Benchmarking Adversarial Robustness of Compressed Deep Learning Models
This addresses the joint challenge of model compression and adversarial robustness for deploying deep learning on resource-constrained devices, but it is incremental as it benchmarks existing methods rather than proposing new solutions.
The study tackled the problem of how adversarial attacks on deep neural networks affect their pruned versions, finding that model compression preserves benefits like faster inference without undermining adversarial robustness, with robustness remaining comparable to the base model.

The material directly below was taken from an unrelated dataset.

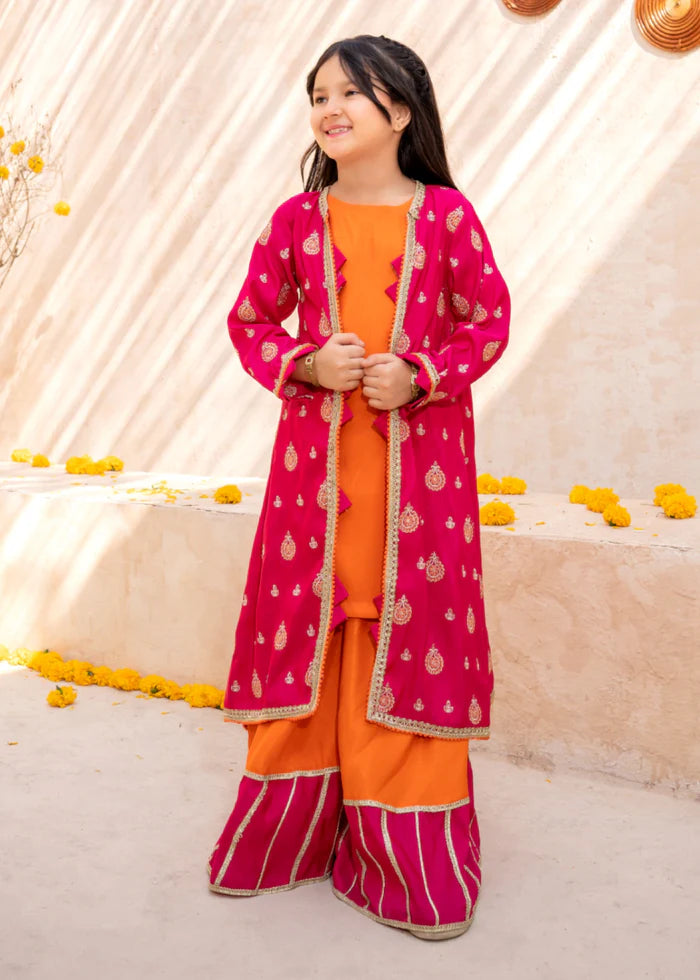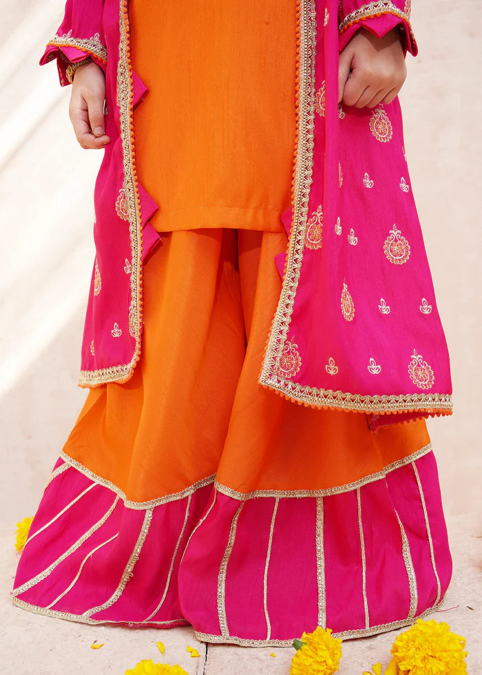 3 Piece Orange Rawsilk Embroidered Gharara

The increasing size of Deep Neural Networks (DNNs) poses a pressing need for model compression, particularly when employed on resource constrained devices. Concurrently, the susceptibility of DNNs to adversarial attacks presents another significant hurdle. Despite substantial research on both model compression and adversarial robustness, their joint examination remains underexplored. Our study bridges this gap, seeking to understand the effect of adversarial inputs crafted for base models on their pruned versions. To examine this relationship, we have developed a comprehensive benchmark across diverse adversarial attacks and popular DNN models. We uniquely focus on models not previously exposed to adversarial training and apply pruning schemes optimized for accuracy and performance. Our findings reveal that while the benefits of pruning enhanced generalizability, compression, and faster inference times are preserved, adversarial robustness remains comparable to the base model. This suggests that model compression while offering its unique advantages, does not undermine adversarial robustness.